Тяжело на сердце у мужчин, сдерживаемых патрулями; пылки и неудержимы сердца женщин. Женщина, публично выступавшая в Пале-Руаяле, не одинока: мужчины не знают, что такое пустеющая кладовая, это знают только матери семейств. О женщины, жены мужчин, которые все высчитывают, но не действуют! Патрули сильны, но смерть от голода и военного нападения сильнее. Патрули могут сдержать патриотов-мужчин, а патриоток-женщин? Решится ли гвардия, называющаяся Национальной, воткнуть штыки в грудь женщины? Такие мысли, а скорее смутные, бесформенные зачатки мыслей зарождаются повсеместно под ночными женскими чепцами, и на рассвете при малейшем толчке они могут взорваться.
Глава четвертая. МЕНАДЫ
Если бы Вольтер, будучи не в духе, вопросил своих соотечественников: "А вы, галлы, что вы изобрели?", теперь они могли бы ответить: искусство восстания. Это искусство оказалось особенно необходимо в последнее, странное время, искусство, для которого французский национальный характер, такой пылкий и такой неглубокий, подходит лучше всего.

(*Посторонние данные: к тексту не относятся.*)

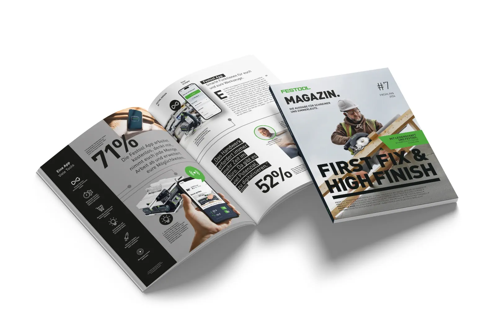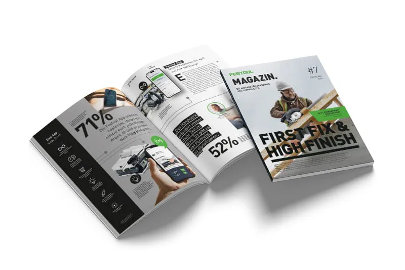 Die neuen Festool Kundenmagazine 2026 für Maler sowie Schreiner und Zimmerleute zeigen, wie modernes Handwerk heute erfolgreich arbeitet: mit leistungsstarken Akku‑Werkzeugen, durchdachten Systemlösungen und smarten digitalen Services. In beiden Ausgaben erwarten euch praxisnahe Inhalte zu den neuen Tabless‑Akkus, zur nächsten Generation der DOMINO Familie, zu effizienten Lösungen für staubfreies Arbeiten sowie inspirierende Handwerksprojekte aus der Praxis. Wertvolles Know‑how für Werkstatt und Baustelle – kompakt im Magazin gebündelt.
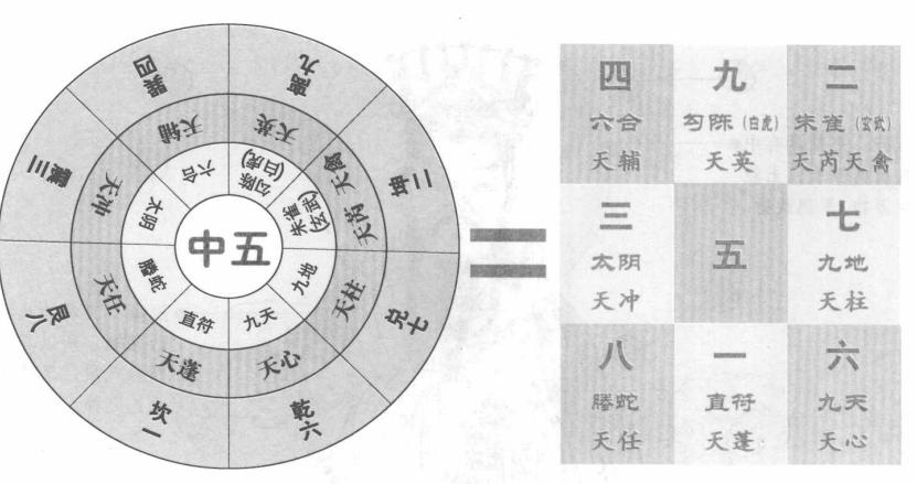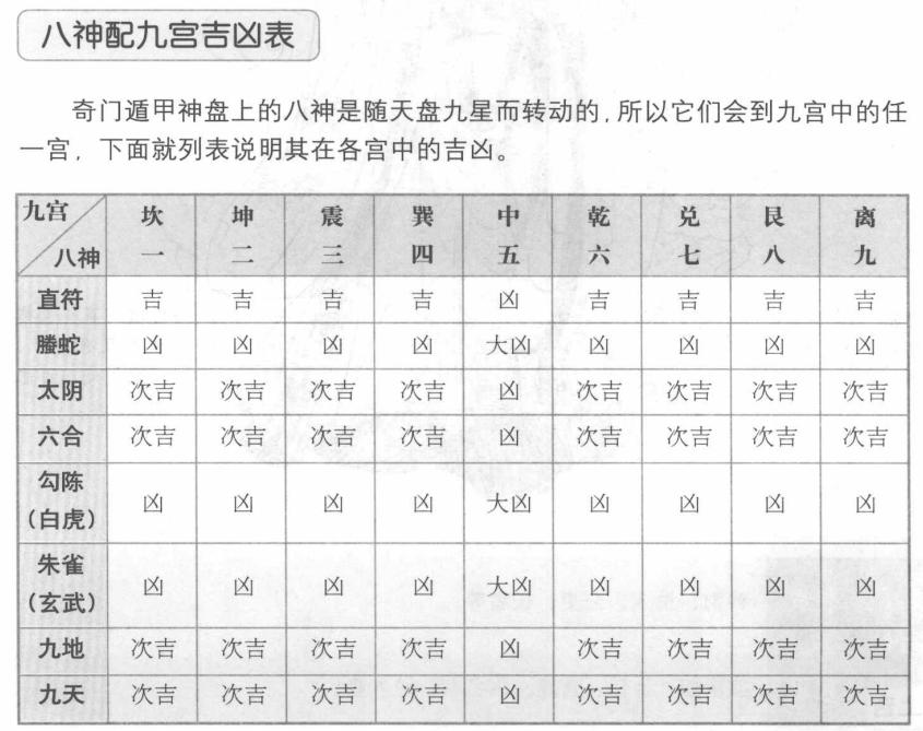八神概说 在奇门遁甲的神盘上分列有八神,又称八将,就如纳甲筮法的六神和四柱命理中的神煞。奇门遁甲中的八神,是古人在天人感应中发现的与九宫八卦具有对应性质的八神神秘力量,在具体的预测中有很大的参考作用,也可称之为用神。奇门八神由阴遁和阳遁分为两种,阳遁八神有直符、螣蛇、太阴、六合、勾陈、朱雀、九地、九天。阴遁八神有直符、螣蛇、太阴、六合、白虎、玄武、九地、九天。 八神详解 直符因与地盘值班六甲大将和天盘值班之星相对应,所以称为直符。它具有中央土的性质,是八神的领袖。它所到之处、百恶消散,所以古人又称其为天乙之神。 腾蛇具有南方火的性质,为虚诈之神。它性格虚伪,口舌毒辣,专管惊恐怪异、虚诈不实之事。 太阴具有西方阴金性质,为荫护之神。它性格阴匿暗昧,太阴所临之方,可以密谋策划、避难藏兵。 六合具有东方木的性质,为护卫之神。它性格开朗平和,专管婚姻交易中介之事。六合所临之方,利于谈判、交易、婚姻嫁娶。 勾陈或白虎具有西方金的性质,为凶煞之神。它性格凶猛好斗,专管行兵打仗、凶杀打斗、疾病死伤、交通事故等。 玄武或朱雀具有北方水的性质,为奸谗小盗之神。它性格爱偷喜盗,专管盗贼、逃亡、口舌之事。 九地具有坤土的性质,有厚载之德,为万物之母,古人称其为坚牢之神。它性格柔顺安静,滋生万物。九地所临之方,利于屯兵固守,播种养殖。 九天具有乾金的性质,为天为父,古人称其为威悍之神。它性格刚强好动。九天所临之方,可以扬兵布阵,行军打仗,坐飞机旅行出国。 八神运行的规律是阳遁顺行,阴遁逆行,随天盘九星值符运行的叫天盘八神,随地盘六甲值符运行的叫地盘八神。在奇门遁甲的应用中,有的用天盘八神,有的用地盘八神,也有两者都用的,一盘只用天盘八神。 八神原始宫位 奇门遁甲中的八神分为阳遁和阴遁两种,它是由九星的原宫位定其原始宫位,也分为圆盘和方盘两种。 |

Соответственно до каких высот, можно сказать, совершенства поднялся этот вид человеческой деятельности во Франции в последние полстолетия! Восстание, которое Лафайет считал "самой священной обязанностью", теперь причислено французским народом к числу обязанностей, которые он умеет выполнять. Чернь у других народов - это тупая масса, которая катится вперед с тупым злобным упорством, тупым злобным пылом, но не порождает ярких вспышек гения на своем пути. Французская же чернь - это одно из самых живых явлений в нашем мире. Она столь стремительна и смела, столь проницательна и изобретательна, столь быстро схватывает ситуацию и пользуется ею, она до кончиков пальцев заряжена инстинктом жизни! Уже один талант стоять в очередях, даже если бы не было других, отличает, как мы говорили, французский народ от всех других народов, древних и современных.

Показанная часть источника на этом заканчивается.